[[ RECORDS FOR THIS EXERCISE, beginning ]]
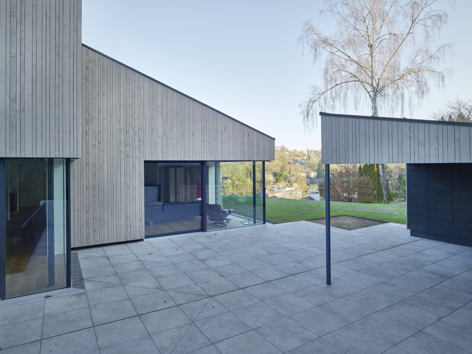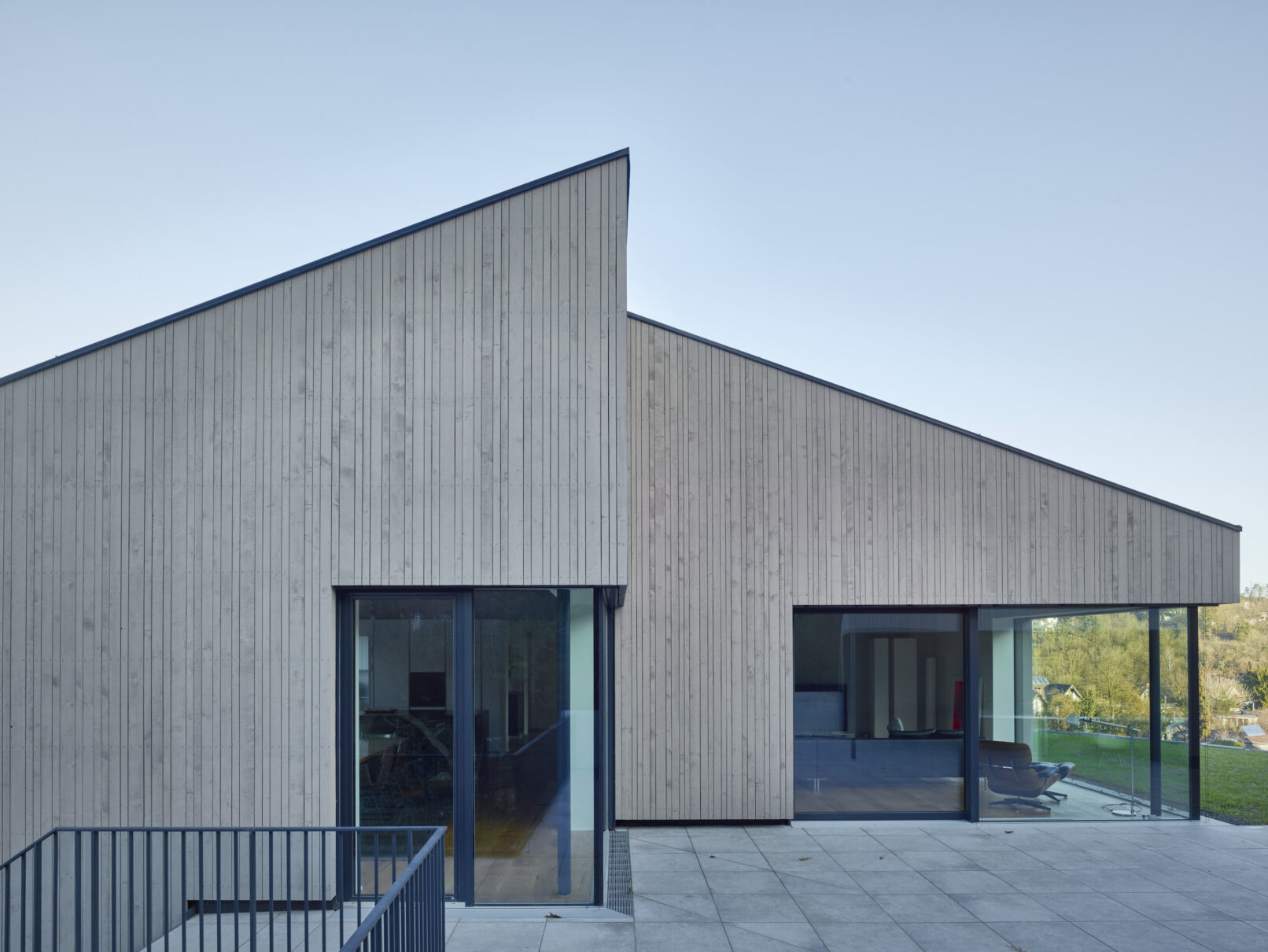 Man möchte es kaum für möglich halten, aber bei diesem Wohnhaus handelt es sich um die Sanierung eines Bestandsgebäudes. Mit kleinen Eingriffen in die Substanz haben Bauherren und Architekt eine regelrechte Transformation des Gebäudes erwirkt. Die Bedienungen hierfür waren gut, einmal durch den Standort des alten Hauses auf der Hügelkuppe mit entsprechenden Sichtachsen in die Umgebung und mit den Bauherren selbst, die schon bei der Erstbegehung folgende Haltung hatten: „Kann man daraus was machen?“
[[ RECORDS FOR THIS EXERCISE, end ]]
[[ RECORDS FOR THIS EXERCISE, beginning ]]
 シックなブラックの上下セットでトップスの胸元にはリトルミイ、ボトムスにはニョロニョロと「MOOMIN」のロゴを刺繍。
[[ RECORDS FOR THIS EXERCISE, end ]]
[[ RECORDS FOR THIS EXERCISE, beginning ]]
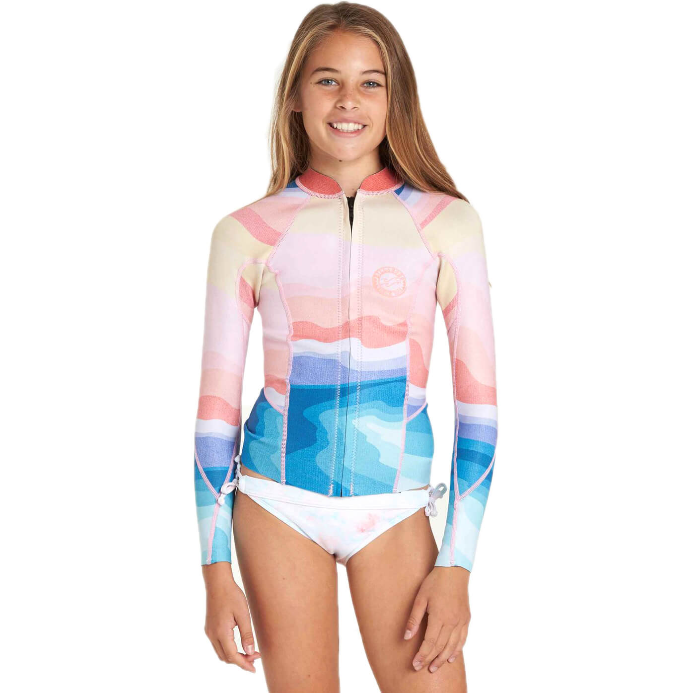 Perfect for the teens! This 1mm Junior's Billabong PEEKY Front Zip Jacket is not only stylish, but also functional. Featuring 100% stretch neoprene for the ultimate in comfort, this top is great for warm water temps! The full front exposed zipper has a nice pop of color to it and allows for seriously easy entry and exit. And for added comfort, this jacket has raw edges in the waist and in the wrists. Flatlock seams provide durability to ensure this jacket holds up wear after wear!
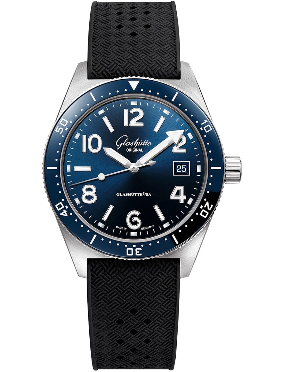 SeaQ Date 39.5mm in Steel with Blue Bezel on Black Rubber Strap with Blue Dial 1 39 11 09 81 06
[[ RECORDS FOR THIS EXERCISE, end ]]
▶ _PROBLEM REQUIREMENTS_
Repeat, without pictures, exactly the lines of the data above from the one containing "Perfect for the" through the one containing "SeaQ Date 39.5mm", including both and adding nothing.

▶ _ANSWER AREA_
 Perfect for the teens! This 1mm Junior's Billabong PEEKY Front Zip Jacket is not only stylish, but also functional. Featuring 100% stretch neoprene for the ultimate in comfort, this top is great for warm water temps! The full front exposed zipper has a nice pop of color to it and allows for seriously easy entry and exit. And for added comfort, this jacket has raw edges in the waist and in the wrists. Flatlock seams provide durability to ensure this jacket holds up wear after wear!
 SeaQ Date 39.5mm in Steel with Blue Bezel on Black Rubber Strap with Blue Dial 1 39 11 09 81 06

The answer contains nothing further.